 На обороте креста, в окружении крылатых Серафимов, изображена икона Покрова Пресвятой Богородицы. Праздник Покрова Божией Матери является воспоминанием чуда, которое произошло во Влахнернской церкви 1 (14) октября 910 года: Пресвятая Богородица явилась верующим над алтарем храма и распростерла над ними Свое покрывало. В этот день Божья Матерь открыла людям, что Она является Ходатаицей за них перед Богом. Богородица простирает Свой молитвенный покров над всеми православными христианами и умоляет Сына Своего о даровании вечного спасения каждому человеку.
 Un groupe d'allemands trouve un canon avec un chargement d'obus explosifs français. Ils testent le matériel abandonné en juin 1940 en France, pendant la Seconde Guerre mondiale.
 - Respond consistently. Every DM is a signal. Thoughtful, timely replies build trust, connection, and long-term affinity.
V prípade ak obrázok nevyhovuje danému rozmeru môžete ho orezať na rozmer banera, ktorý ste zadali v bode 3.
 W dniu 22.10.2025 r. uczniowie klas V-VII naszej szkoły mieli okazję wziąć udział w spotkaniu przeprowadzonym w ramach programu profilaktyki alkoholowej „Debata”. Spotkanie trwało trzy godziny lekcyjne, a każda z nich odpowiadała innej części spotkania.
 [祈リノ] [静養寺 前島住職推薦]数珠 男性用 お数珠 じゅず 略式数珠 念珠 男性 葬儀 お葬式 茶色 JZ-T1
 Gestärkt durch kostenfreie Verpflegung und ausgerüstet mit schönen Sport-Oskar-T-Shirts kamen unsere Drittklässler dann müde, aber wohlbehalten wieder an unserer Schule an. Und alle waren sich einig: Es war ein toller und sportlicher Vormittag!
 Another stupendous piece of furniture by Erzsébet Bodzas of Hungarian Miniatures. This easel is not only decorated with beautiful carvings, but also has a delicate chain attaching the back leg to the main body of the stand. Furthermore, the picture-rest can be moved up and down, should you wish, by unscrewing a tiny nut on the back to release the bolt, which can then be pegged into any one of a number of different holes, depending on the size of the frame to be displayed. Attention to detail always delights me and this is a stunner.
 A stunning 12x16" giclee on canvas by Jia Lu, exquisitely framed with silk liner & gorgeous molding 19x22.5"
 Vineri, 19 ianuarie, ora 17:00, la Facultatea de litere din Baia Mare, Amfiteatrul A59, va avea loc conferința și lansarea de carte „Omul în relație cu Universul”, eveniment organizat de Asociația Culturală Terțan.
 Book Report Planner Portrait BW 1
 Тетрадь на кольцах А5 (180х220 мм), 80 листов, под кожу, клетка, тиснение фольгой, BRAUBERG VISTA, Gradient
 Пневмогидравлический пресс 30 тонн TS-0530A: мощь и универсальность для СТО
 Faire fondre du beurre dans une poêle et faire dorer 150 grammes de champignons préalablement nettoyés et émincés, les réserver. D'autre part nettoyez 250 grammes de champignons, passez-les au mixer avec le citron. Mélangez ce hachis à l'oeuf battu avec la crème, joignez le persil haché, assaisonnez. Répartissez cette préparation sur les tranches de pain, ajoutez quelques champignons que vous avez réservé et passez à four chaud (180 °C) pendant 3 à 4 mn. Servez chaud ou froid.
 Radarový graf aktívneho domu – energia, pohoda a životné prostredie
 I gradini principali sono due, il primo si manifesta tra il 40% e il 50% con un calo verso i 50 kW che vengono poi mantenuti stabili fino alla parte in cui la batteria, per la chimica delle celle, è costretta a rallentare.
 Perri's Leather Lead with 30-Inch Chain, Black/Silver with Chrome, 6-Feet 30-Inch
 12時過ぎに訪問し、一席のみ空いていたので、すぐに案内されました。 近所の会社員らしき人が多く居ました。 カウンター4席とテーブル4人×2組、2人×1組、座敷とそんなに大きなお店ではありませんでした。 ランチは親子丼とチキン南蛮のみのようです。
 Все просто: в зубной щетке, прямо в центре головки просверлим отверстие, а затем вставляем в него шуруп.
----
In the data above, retype exactly and only the lines between the one holding "I gradini principali" and the one holding "Perri's Leather Lead", inclusive.

 I gradini principali sono due, il primo si manifesta tra il 40% e il 50% con un calo verso i 50 kW che vengono poi mantenuti stabili fino alla parte in cui la batteria, per la chimica delle celle, è costretta a rallentare.
 Perri's Leather Lead with 30-Inch Chain, Black/Silver with Chrome, 6-Feet 30-Inch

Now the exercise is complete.